I heard people have recently gotten OTA updates from 5.5.882 to 5.5.886. My Bionic came out of the box as 5.5.886. I was wondering if someone could post the update file so I could take a look at it. Thanks.


----------



## adroidman (Jun 29, 2011)

Where did you see people were getting updates? I am on the newest version

Sent from my DROID BIONIC using RootzWiki Forums


----------



## TheBionicMan (Sep 15, 2011)

On xda a few people were talking about having pre-release Bionics running 5.5.882 and then receiving an OTA for 558.


----------



## adroidman (Jun 29, 2011)

I got mine day of release and im on 556 with no update.

Sent from my DROID BIONIC using RootzWiki Forums


----------



## TheBionicMan (Sep 15, 2011)

Like I said. People with pre-releases had 882. I guess I'll keep hunting.


----------



## LrdAnkh (Sep 7, 2011)

Mine came with 886 out of the box.


----------



## fightinillini94 (Jul 18, 2011)

Ordered mine online on release day and it came with .886


----------



## TheBionicMan (Sep 15, 2011)

People are apparently missing what I said. Phones shipped at launch with 886. Users who had PRE-RELEASE Bionics were running 882 and received an OTA to 886.


----------



## dadsterflip (Jul 16, 2011)

Saw one guy on xda has a pre release one but can't remember where I saw it? I remember him asking if the new sbf or whatever its called would work for a pre release one.

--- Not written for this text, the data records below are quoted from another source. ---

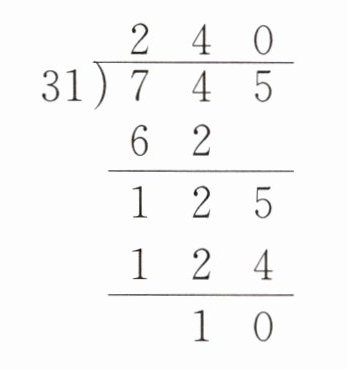 $\begin{array}{r}240\\31\enclose{longdiv}{745}\\62\\\hline125\\124\\\hline10\end{array} $( )
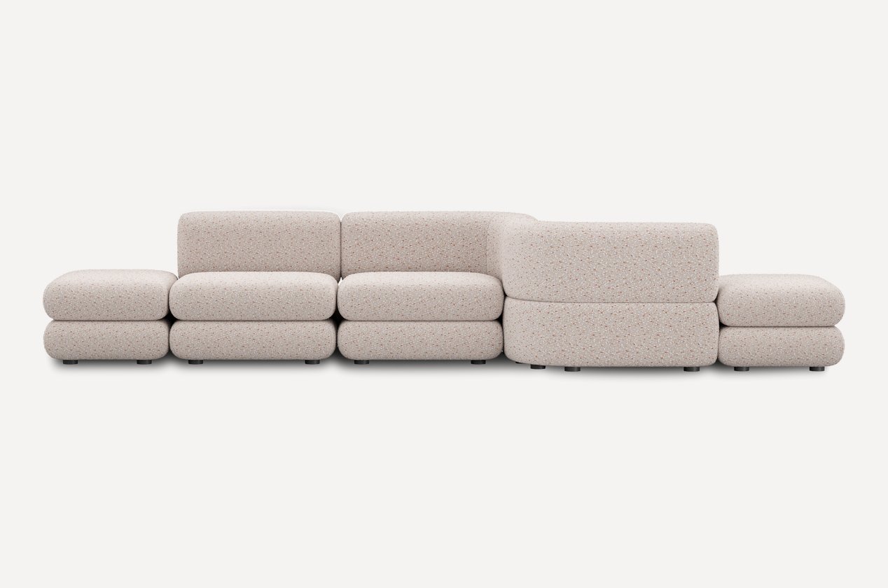 Уникальный дизайн, разработанный Димой Логиновым, сочетает плавные формы и тактильно приятные фактуры. За счет плотной велюровой ткани создается меланжевый эффект и спокойный матовый блеск, который подчеркивает округлые линии мебели.
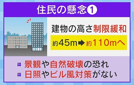 ただ、現在は約45mの『建物の高さ制限』が、タワーマンション建設のため約110mに緩和されるということで、住民は『景観や自然破壊の恐れ』『日照やビル風対策がないこと』などを懸念しています。
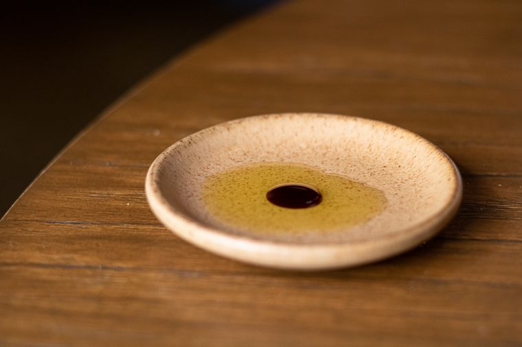 La propuesta arranca con una degustación de pan de masa madre de tres años que se caracteriza por su costra, su miga aireada y una particular acidez.

Sent from my DROID BIONIC using Tapatalk


----------



## mikeymop (Jun 28, 2011)

What if you asked one of the reviewer on the tech blogs. They definitely had pre release software, and you could probably look at the shots of the about phone screen to see which bloggers/reviewers had pre release software to even further narrow your search.


----------